Beberapakritikus yang mengungkapkan kesetiaan mereka pada aspek komersial industri menggemakan mentalitas totaliternya dengan ingin memberikan sanksi kepada seorang pelaut yang mengambil foto dari bencana ini. Karena semua pemain kunci di dalam industri berhak atas foto, satu-satunya perwujudan yang ingin dia abaikan adalah masyarakat umum, melalui media dunia. Mungkin inilah alasan mengapa masyarakat umum sejauh ini tetap mengabaikan ancaman lingkungan seperti itu. Sejak lahirnya bendera kemudahan, atau register terbuka, pelaut perorangan mendapati dirinya sebagai bidak tak berdaya dalam pelelangan Belanda atas faktor-faktor produksi dalam pelayaran global, di mana semua keuntungan bertambah bagi pemilik kapal dan tidak ada bagi pelaut, yang merupakan menjadi tidak berdaya. Begitu dia lolos dari batasan daftar negara maju yang diatur secara demokratis dan modern, pemilik kapal mendapati dirinya dikelilingi oleh banyaknya bendera, pelaut, layanan manajemen, lembaga klasifikasi, dan perusahaan asuransi untuk dipilih, semua bersaing satu sama lain dalam pasar penawaran yang menurun disebut lelang Belanda. Lelang ini bertindak paling kejam terhadap pelaut, yang menemukan dirinya berada dalam lubang hitam peraturan, dengan hanya hak sementara dalam rezim Kontrol Negara Pelabuhan yang dilalui kapalnya, dan tidak ada di negara bendera kapalnya, yang satu-satunya kepentingan adalah uang tonase. Seorang pelaut dunia maju yang menikmati perlindungan serikat pekerja dan hak-hak sipil. Di bawah bendera negara maju tidak akan pernah bisa diintimidasi dengan cara yang sama seperti saudara-saudara mereka yang sedang berkembang di dunia yang menggunakan bendera kapal kenyamanan diintimidasi. Pelecehan tampaknya semakin parah. Daftar hitam adalah norma bagi setiap pelaut yang cukup berani untuk mengangkat tangannya dan menuntut keadilan dan bantuan. Memberhentikan dan mempekerjakan awak kapal murah hanyalah manifestasi lain dari keserakahan yang mempengaruhi perdagangan lintas laut internasional. Keadaan tidak manusiawi ini akan berlanjut sampai badan sponsor pemerintah global, mungkin muncul melalui IMO, menggantikan sistem registrasi kapal tambal sulam global kuno saat ini, dengan daftar 'dunia' yang lengkap, seragam, dan komprehensif di mana setiap pemilik kapal akan dipaksa untuk memperlakukan karyawannya dengan bermartabat dan kemanusiaan.
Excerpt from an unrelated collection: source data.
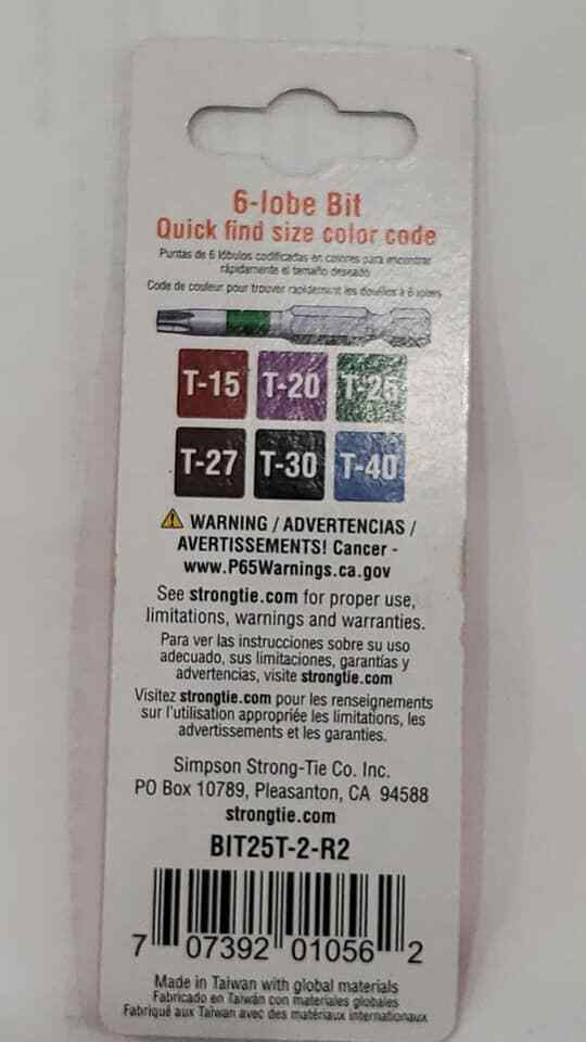 Simpson Strong-Tie Bit 25T-2-R2 T25X2" Torx Power Drive Tie Bit 25T-2-R2 T25 trox driver bit is color coded black making it easier to find in your tool box when it is mixed in with other size bits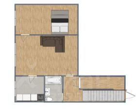 Квартира расположена на цокольном этаже. Окна находятся выше уровня земли, поэтому в помещениях достаточно естественного света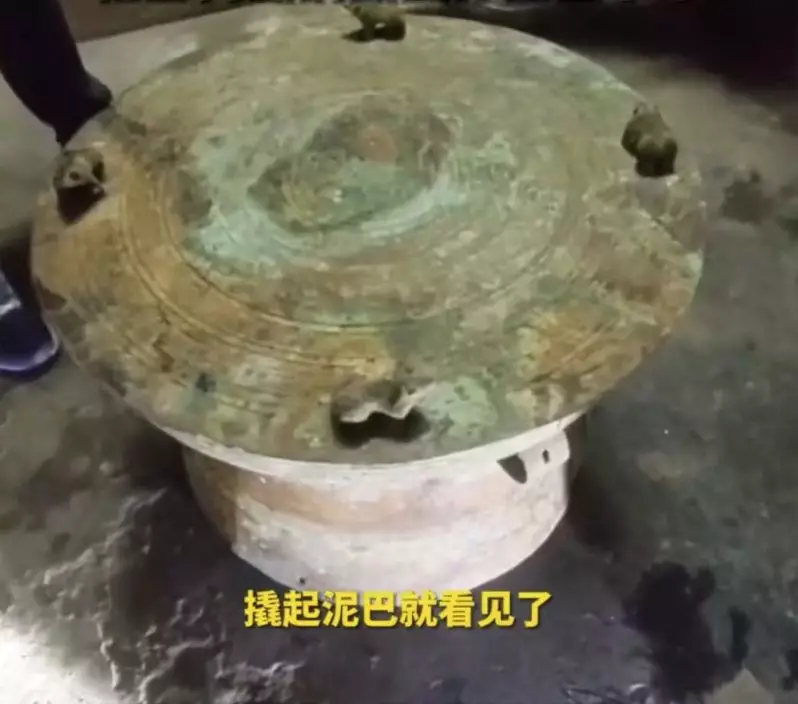 廣西村民挖蚯蚓掘出千年古銅鼓,保存至今完好仍可發出清脆鼓聲。影片截圖
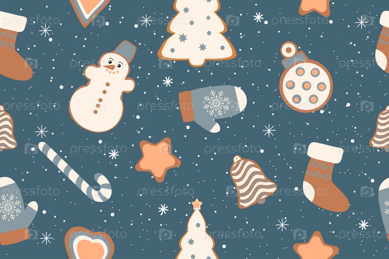 Зимний бесшовный узор с рождественскими фигурками, пряничным печеньем. Модный праздничный фон. Рождественская повторяющаяся текстура для дизайна поверхности, обоев, ткани, упаковочной бумаги и т. д. Вектор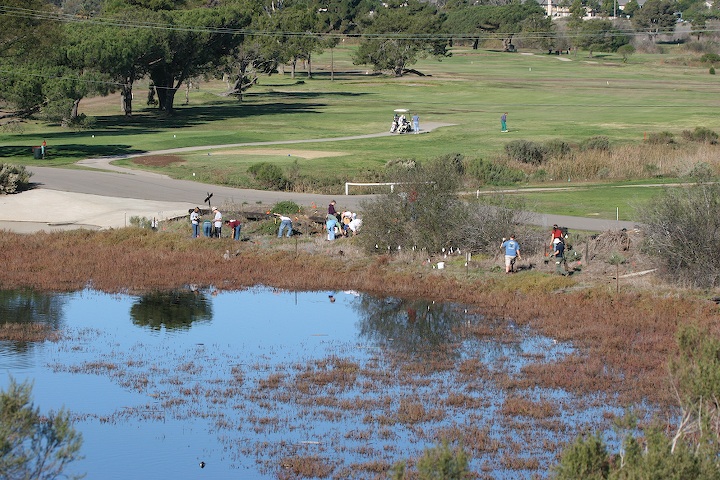 Julie with a Resotration project crew at Devereux Slough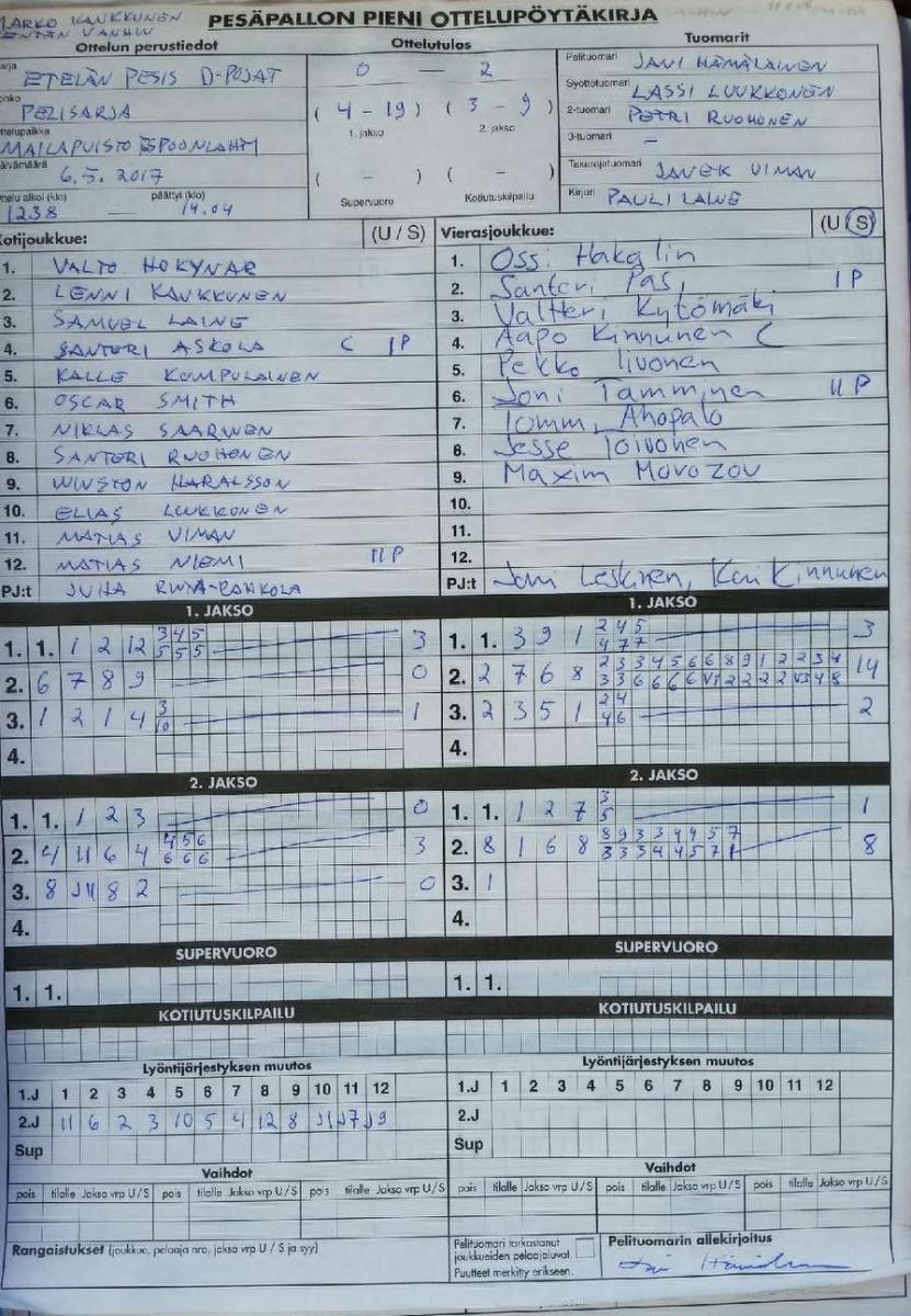 | 6.8.2017 13:30 | KPL | Paukku | 2-0 (11-0, 11-3) |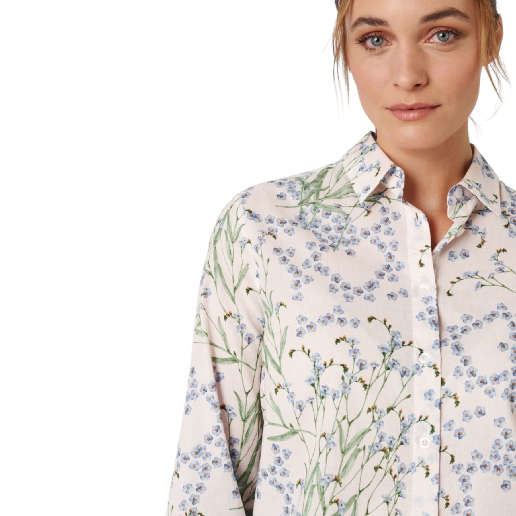 The TONI Clay LA Blouse in Sky Blue is an airy, feminine and effortless blouse that adds a touch of summer charm to any outfit.  This TONI blouse features a fun and fresh blue cherry blossom print made with lightweight, slightly sheer cotton that ensures all-day comfort.  Featuring a full-length button placket and a classic silhouette this blouse is an easy choice for versatile styling – casual with denim or refined with wide-leg trousers. A stylish piece with a soft spot for detail.
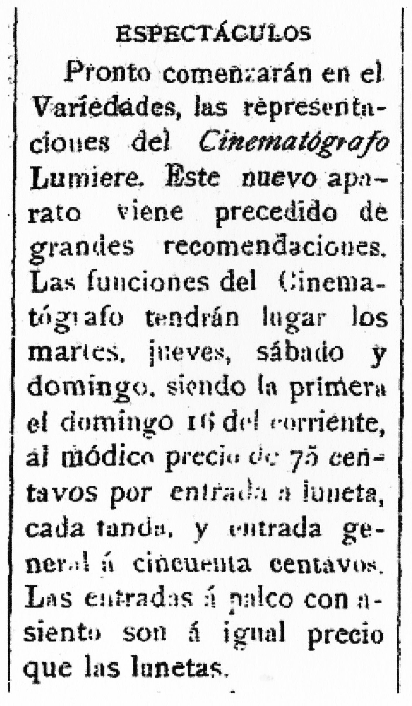 A pesar de lo evocador de su texto se equivocaba el gacetillero, pues en realidad el cinematógrafo había sido estrenado, apenas, el 28 de diciembre de 1895, en el conocido Salón Indio del Gran Café de París; donde se proyectaron, entre otras, las célebres vistas o filmaciones cortas Salida de la fábrica Lumière y la Llegada de un tren a la estación de la Ciotat.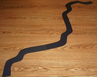 1. Start off by cutting the light string out of black paper. It can be any shape you like, just squiggle it around. I kept mine about 1.5 inches thick so it would be sturdy to lift once I got it all put together. I overlapped the edges about 1/2 inch and secured with tape.
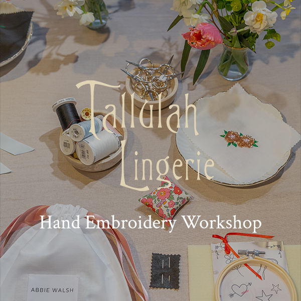 Join me for a Hand Embroidery Workshop on Saturday 22nd Nov 1pm – 4pm located at the sumptuous independent lingerie store Tallulah Lingerie in Islington, London.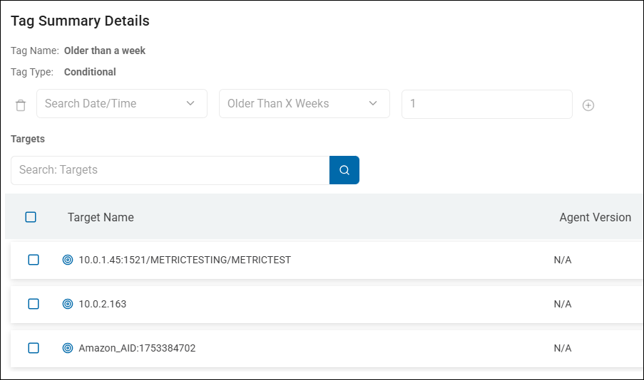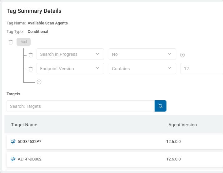 - Conditional - Add Agents and Targets by condition. In this type, an Agent/Target must satisfy the conditions of the Tag, set by you, to be a member of the Tag group.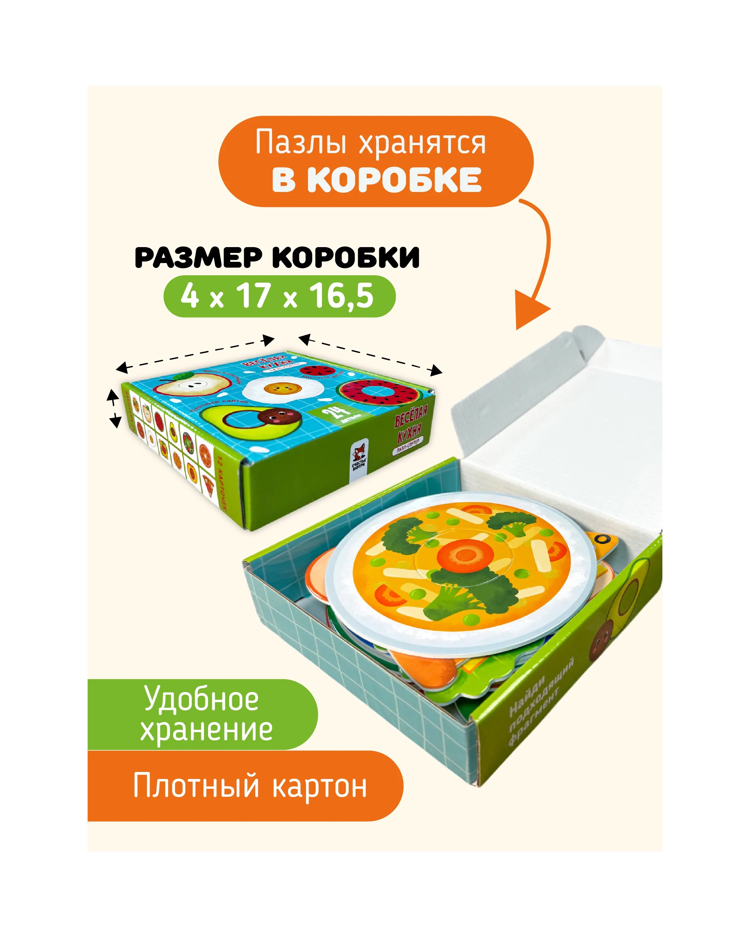 Пазл-сортер "Веселая кухня" познакомит вашего малыша с продуктами и вкусными блюдами в веселой игровой форме. Красочные пазлы привлекут внимание ребенка яркими рисунками. Игра развивает зрительное восприятие, мелкую моторику, воображение и логику.

Pada titik ini, akan tepat untuk meninjau kembali kebijaksanaan dari salah satu hakim terhebat Amerika, William Douglas dari Mahkamah Agung AS, yang menyatakan pada tahun 1949 bahwa "jika manusia akan turun ke laut dengan kapal dan menghadapi bahaya lautan , mereka yang mempekerjakan mereka harus memperhatikan kesejahteraan mereka ".